I been longing to conduct and share the ink making process with the invasive plants found in Richmond Nature Park. Invasive plants are species that grows rapidly and vigorously to the extent that they crowd the native plants, taking up their space and nutrients. An easy way to understand them is thinking of them as weeds. In this case, the species are most likely brought in by birds from nearby cultivated berry farms. These cultivated plants are designed to be strong and takes over the park. As mentioned briefly in blog post 2, the Nature Park has been attempting to re-establish the native vegetation by cutting and removing these invasive species in hopes of giving others time to grow back.
Therefore, these invasive plants are perfect materials to play with and does not harm the park’s biodiversity. The park staff were kind enough to harvest some cultivated blackberry, cultivated blueberry and of course, the common dandelion for me. (A big thank you to them!)

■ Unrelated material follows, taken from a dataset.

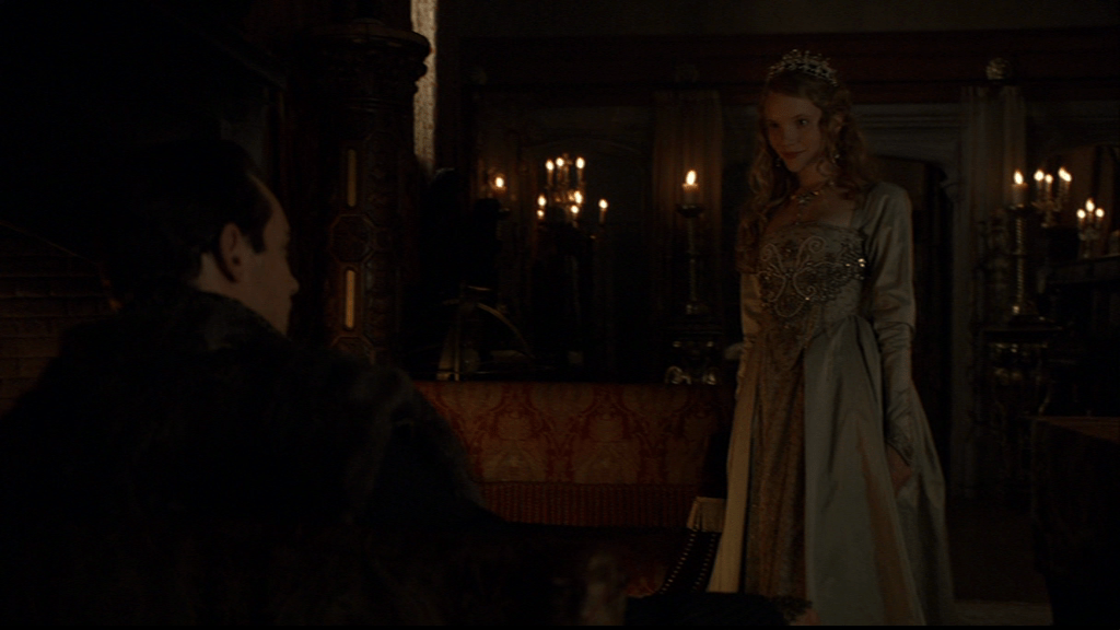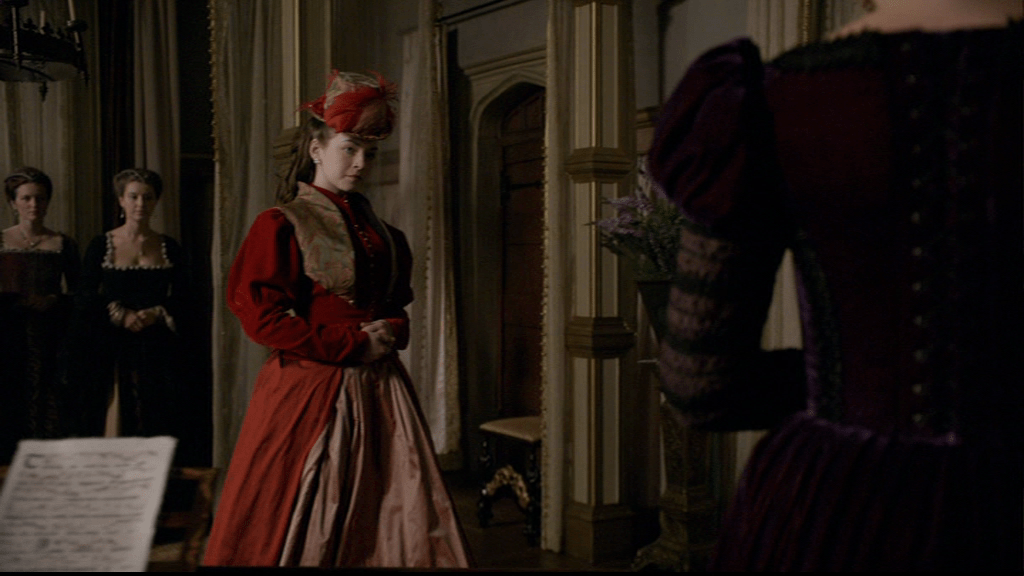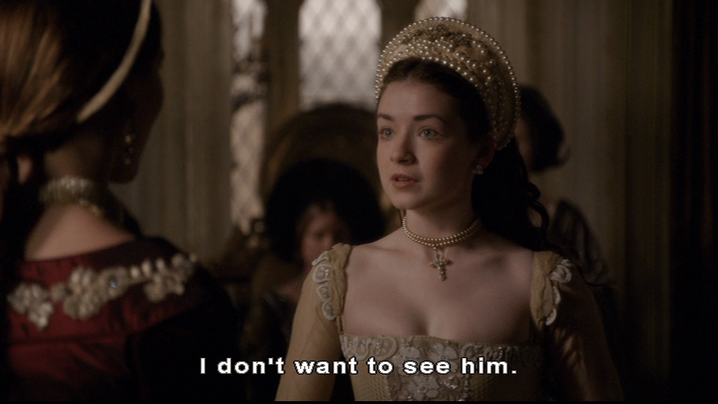 The Tudors‘ Princess Mary seems to respond well to polite formality. There is a tiny temperature rise at Queen Anne’s dignified greeting and respectful request that she sit. Queen Anne has news for her.

I brought the plants home to shimmer and soak at leisure. They were promptly cut up and heated with vinegar plus a pinch of salt for preservation. To my confusion, after boiling, cooling, and an overnight soak, the liquid created little to no colour pay off. In the past, I worked with hyper-pigmented plants and flowers, guaranteeing a smooth process. This time the plants are more stems and not species known to produce saturated inks. I was considering alternative pigment additives but also adamant in aiming to preserve the true essence of the plant material.
After some more research and chemical brainstorming, I found the magic ingredient that activates low-pigmentated plant materials: sodium carbonate or commonly found in washing soda. It acts as a stain remover which logically makes sense as I am trying to extract the colour from the plants into the surrounding liquid. Its chemical compound is similar to baking soda, creating a beautiful fizz when added to the vinegar base.
I gave it another shimmer and overnight soak to be safe. Followed by extensive straining and filtering, a bit of gum arabic is added for fluidity and a clove for extra preservative; these beautifully rich inks are ready to be used for our upcoming workshops and events. Now on my walks, I do not only marvel at the colours of the vivid flowers but wonder at the possibilities hidden in the barks, the dried twigs, and the overlooked bushes in the corner.